“Speak Out” was once a popular feature in a local newspaper. City residents could call an anonymous phone hotline to complain about city services or even other residents. The newspaper then printed these complaints verbatim. The bad grammar and rage was great entertainment. I once asked the city’s mayor—one of the SpeakOuters’ favorite targets—if those comments bothered him. He told me he never read the column. “If you want me to listen to you, have the courage to sign your name.”
Yelp and its ilk are today’s version of “Speak Out.” Without your business’s cooperation or consent, these websites publish your contact information and give the public a chance to review you anonymously. Paid advertising allegedly can help your rankings on these sites; according to some, they’re an online protection racket.
If you have a five-star rating and some positive reviews on one of these sites, congratulations. If you don’t, should you be upset?
You might be shocked or even hurt the first time you stumble on a bad review of your business online. There is little you can do to change the review itself. An article by Lahle Wolfe discusses steps you can take to fight bad reviews on Yelp. Engaging with Yelp by trying to get slanderous content removed is thought to make things worse by downgrading your business rating further. Any interaction with the site or others like it can cause you to be harassed by advertising reps.
A related problem is bad contact information. White Pages‐type websites serve up business listings they got from some master database years ago and don’t do much to keep them updated.
A service called Yext will fix incorrect contact information on online directories—for an extortionate annual fee. I became apoplectic after trying to correct my business’s information on WhitePages.com and realizing the only way to do it was to engage with Yext. There are hundreds of website directories and many do not give you the option change your information without paying Yext. Sales reps from Yext plagued me with phone calls and emails for days and only some very strong language stopped the harassment.

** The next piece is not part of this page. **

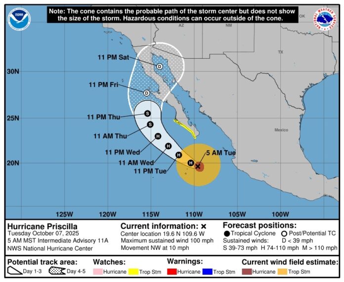 A través de redes sociales, la presidenta Claudia Sheinbaum Pardo informó que se prevé que el huracán Priscilla se intensifiqué para llegar a categoría 3; se registra su desplazamiento en paralelo a la costa occidental de Baja California Sur.

Retail establishments like restaurants, and personal services businesses like hairdressers, live and die by their reviews on Yelp simply because the site is so popular and because reviews rank highly on search engines. These businesses often offer incentives to their customers to review them on Yelp, and I don’t blame them for doing so. In some businesses, though, it is unseemly or even unethical to troll for online reviews. Can you imagine going in for marriage counseling, and being reminded at the end of the session: “Hey, if you think I helped you work out the toilet seat issue, don’t forget to write me a good review on Yelp!” Can you imagine going online after a visit to your dentist and complimenting the way you were tortured by the hygienist?
My point is that these sites are next to worthless. Cluttered with useless or wrong information, these sites showcase the opinions of malcontents and gadflies and teem with danger for the businessperson who tries to preserve her reputation It’s no wonder there are so many sites out there with titles like “Yelp Sucks.” (Update: Yelp cleverly bought the domain name yelpsucks.com, which now directs you to a page urging you to advertise on Yelp).
The best advice I have heard is to ignore these sites, and to assist your audience in ignoring them. How do you do that? By publishing lots of stuff online that will rank higher. Blog posts, comments on other people’s blogs with links to your blog post or your website, additional social media sites like your own Twitter profile or a Facebook page for your business: these are all pages whose content you can control and optimize. This will not get rid of the bad reviews or incorrect directory listings, but it will force them lower on your search engine rankings page.
Over time, I believe that sophisticated audiences will begin to be doubtful of these websites. Children in school are already taught that Wikipedia — which serves up crowd-sourced, encylopedia content — may not be used as primary sources for research. One can hope that these kind of critical thinking skills “trickle up” to the adult world. Services like Angie’s List, which charge members an annual fee and do not accept advertising, seem to be a better model for consumer reviews. These sites create communities of users who have made a commitment to help each other find things, and the membership fee presumably deters idle axe-grinders, gadflies, and unethical competitors.